At Mount Sinai, our scientists and physicians are devoted to understanding potential causes and identifying new diagnostic tools and treatments for progressive multiple sclerosis (MS).
MS is traditionally defined as an autoimmune demyelinating disorder with myelin sheath damage and clinical symptoms that vary depending on the central nervous system (CNS) regions affected. Because our central nervous system is involved in mediating how we think, speak, sense, and move, patients can develop a wide range of physical symptoms, such as fatigue, muscle spasms, dizziness, tingling sensations, visual problems, and, in some cases, cognitive issues.
Currently available immunomodulatory therapies have targeted the immune system and improved management of the disorder. However, in some cases, patients are affected by permanently debilitating symptoms that progressively worsen over time. This form of the syndrome is called "progressive MS."
Epigenetic Basis of Multiple Sclerosis
Several epidemiological studies have suggested the role of the environment in causing multiple sclerosis. The current hypothesis is that environmental signals, such as sun exposure and vitamin D levels, smoking, viral infections, and possibly also diet and microbiome, contribute to the onset of the disease in genetically susceptible individuals. We are working on characterizing the epigenetic changes that affect gene expression in MS patients and defining the possible causes in order to better understand how to prevent the disease. A special emphasis is given to the study of DNA methylation and microRNAs, and to the identification of the microbiome, the trillions of bacteria that inhabit our gut and can send signals to the brain.
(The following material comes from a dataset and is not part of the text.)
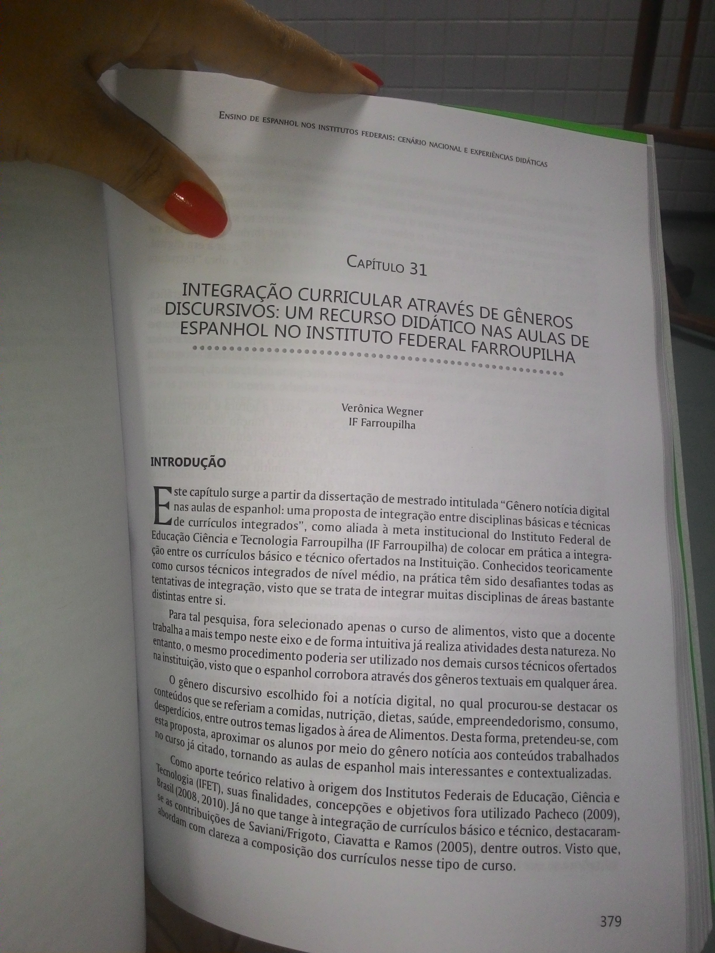 Segundo Verônica este livro é um marco no ensino de Espanhol a nível nacional, pois reúne 43 artigos representativos de todos os institutos federais. “É praticamente uma enciclopédia com quase 600 páginas, nas quais professores apresentam a situação do espanhol em seus campi, bem como suas práticas didáticas”, desta a professora.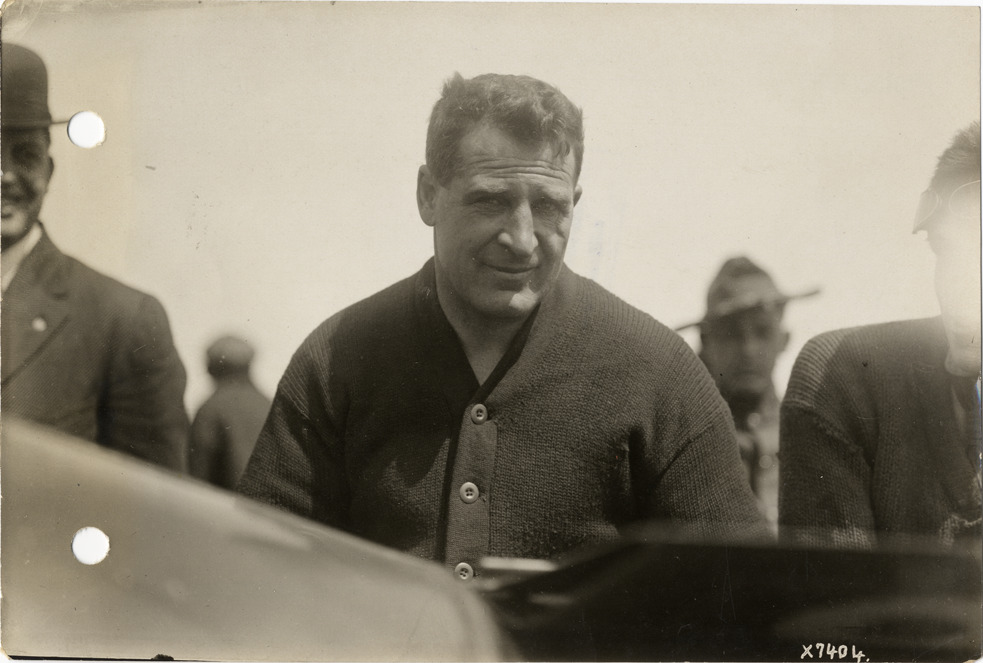 Close-up view of driver Johnny Jenkins during the 1913 Indianapolis 500 automobile races at the Indianapolis Speedway in Indiana. Stamped on back: "Spooner & Wells, Inc., photographers, 1231 Woodward Ave., Detroit, Mich., telephone North 1745." Handwritten on back: "Head view Jenkins, Schacht #18, Ind. Race, 1913. Races and racing--Indianapolis 500, 1913."

Research on New Therapeutic Strategies for Myelin Repair
One of the major challenges in multiple sclerosis research is learning how to repair myelin that is lost or damaged. Using a series of approaches in cultured cells, robotic screenings, and working in cooperation with chemical engineers, our team of scientists is exploring potential new treatments in preclinical animal models.
Defining Novel Methods for Personalized Medicine and Neuroprotection
The ultimate goal—indeed, the future of medicine—is tailoring treatments to individual patients, based on their transcriptional profile, genotype, and specific characterization of body fluids, and unique pathophysiology. An important area of research is the study of factors that are present in the cerebrospinal fluid of patients that can be damaging to nerve cells. By blocking the action of these factors, we hope to prevent and treat clinical disability in patients with MS.